The Three Energy Steps of Dissolution
The overall energy change during dissolution is the net result of three distinct energy steps. These steps are viewed as a theoretical sequence, even though they happen simultaneously at the molecular level. The first two steps require an input of energy (endothermic) and involve breaking the attractive forces that hold the original components together.
The first step requires energy to separate the solute particles from each other, overcoming forces like the lattice energy in a crystal or the intermolecular forces between molecules. The second step is also endothermic, demanding energy to separate the solvent particles to create space for the solute. For a liquid solvent like water, this energy is needed to disrupt the existing intermolecular attractions, such as hydrogen bonds.
The final step involves the separated solute and solvent particles coming together to form the solution, a process called solvation (or hydration when water is the solvent). This step is always exothermic because energy is released as new, stable attractive forces form between the solute and solvent molecules. The overall enthalpy of solution is the algebraic sum of the energy consumed in the first two steps and the energy released in the third step.
When Dissolution Absorbs Heat (Endothermic Process)
Dissolution is endothermic when the energy absorbed in the first two steps is greater than the energy released during solvation.
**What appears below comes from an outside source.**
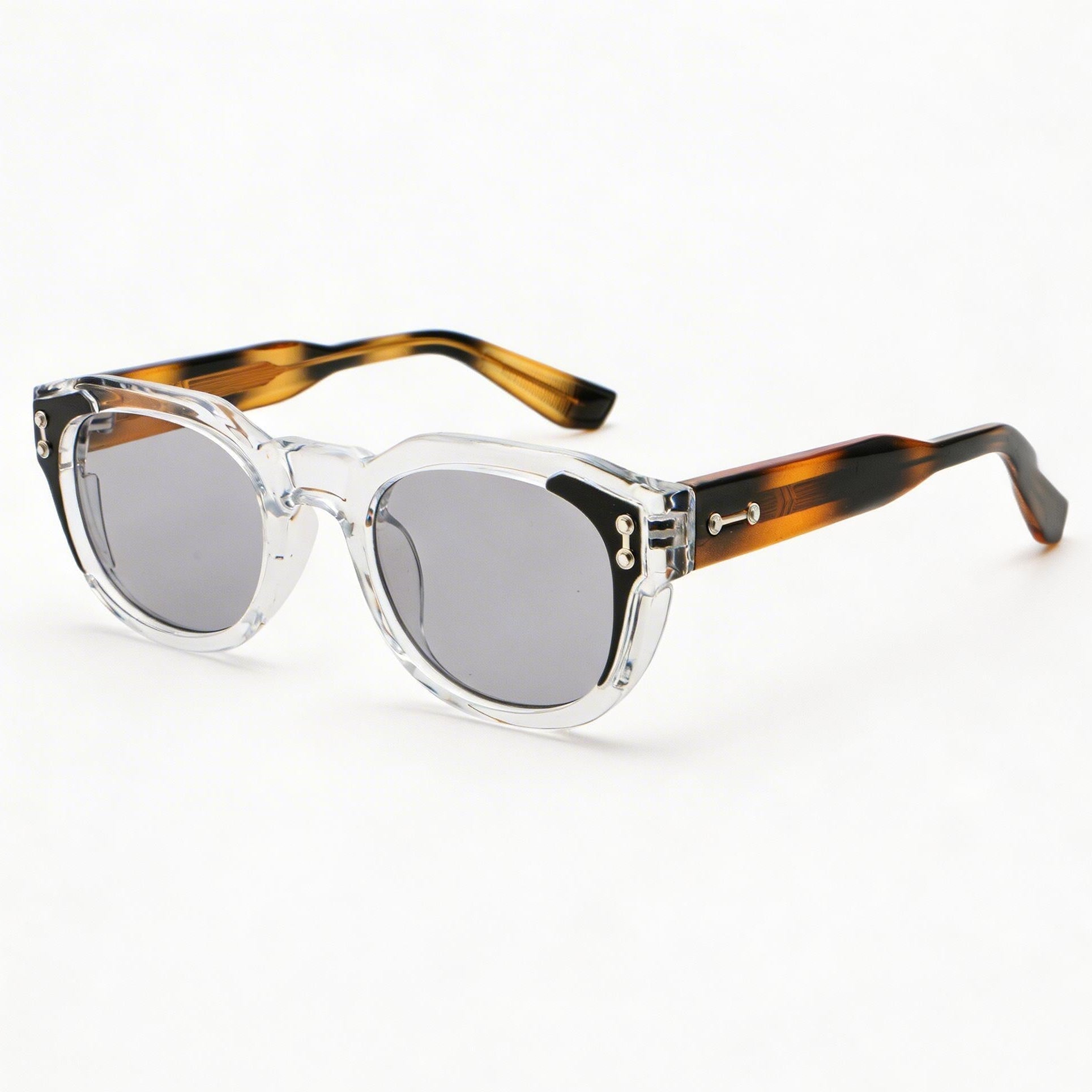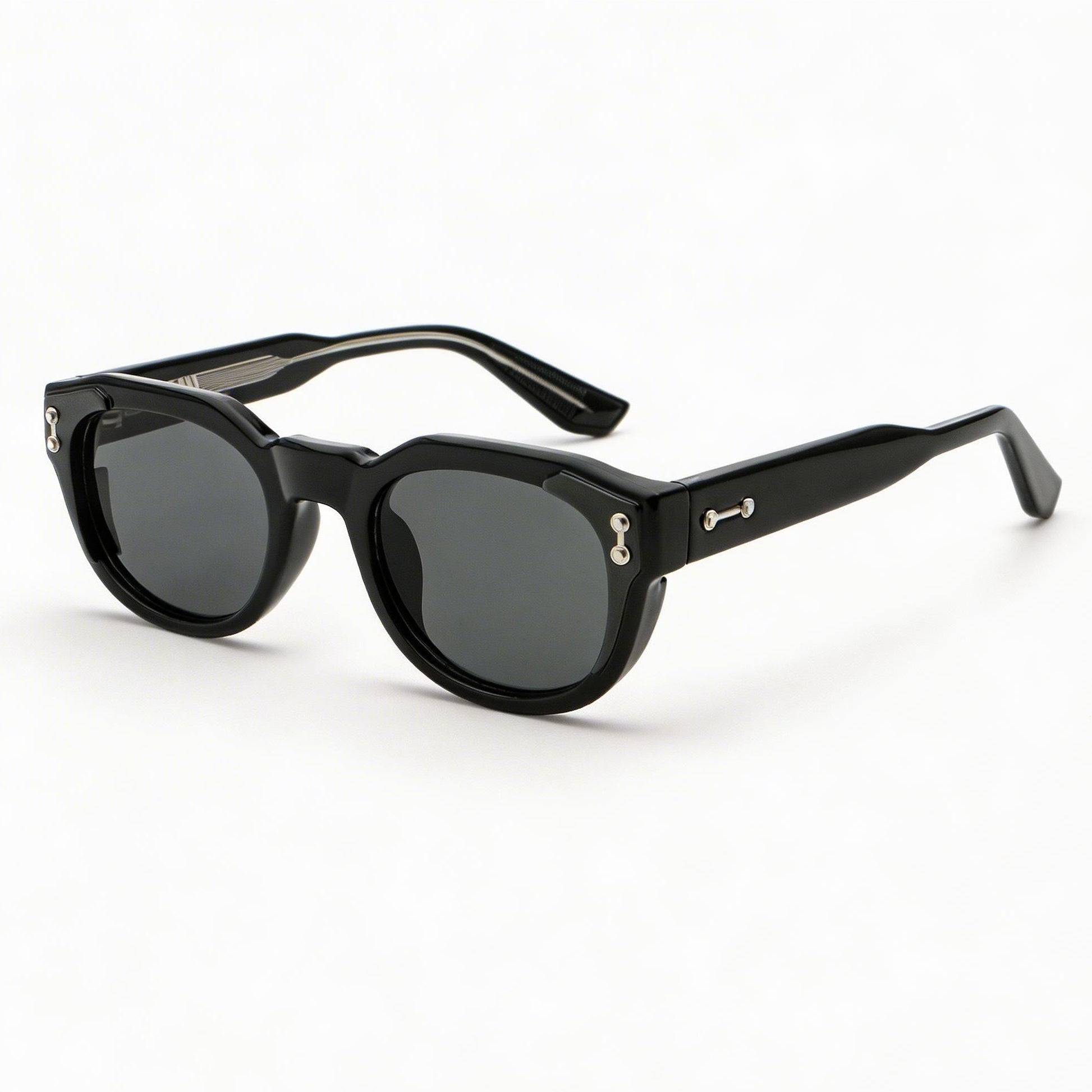 These shades showcase deep, rounded lenses and a designer frame. Custom pin accents at the hinges and temple add a touch of refined detail to the design, while the contoured arms provide structure and a smooth, natural curve, complemented by extended corner cutouts.

The net energy change is positive, and the system draws heat from the environment to make up the deficit. The result is that the solution and its container feel cool to the touch.
This cooling effect is harnessed in practical applications like instant cold packs, which often contain salts such as ammonium nitrate (\(\text{NH}_4\text{NO}_3\)) or potassium chloride (\(\text{KCl}\)). These substances are endothermic because they possess a high lattice energy, requiring a large amount of energy to pull the ionic crystal structure apart. The energy released when the ions are solvated by water is not sufficient to compensate for this initial energy investment.
When Dissolution Releases Heat (Exothermic Process)
Dissolution is exothermic when the energy released during the formation of new solute-solvent interactions outweighs the energy required to separate the original particles. This results in a negative overall enthalpy of solution, and the excess energy is transferred to the surroundings as heat. Consequently, the solution’s temperature rises.
A common example of this is dissolving solid sodium hydroxide (\(\text{NaOH}\)) pellets in water or the dilution of concentrated sulfuric acid (\(\text{H}_2\text{SO}_4\)). In these cases, the solvation of the ions or molecules is so energetically favorable that it easily overcomes the energy needed to break the initial bonds. The significant energy release from the powerful hydration of small, highly charged ions is the driving factor, making the process intensely exothermic.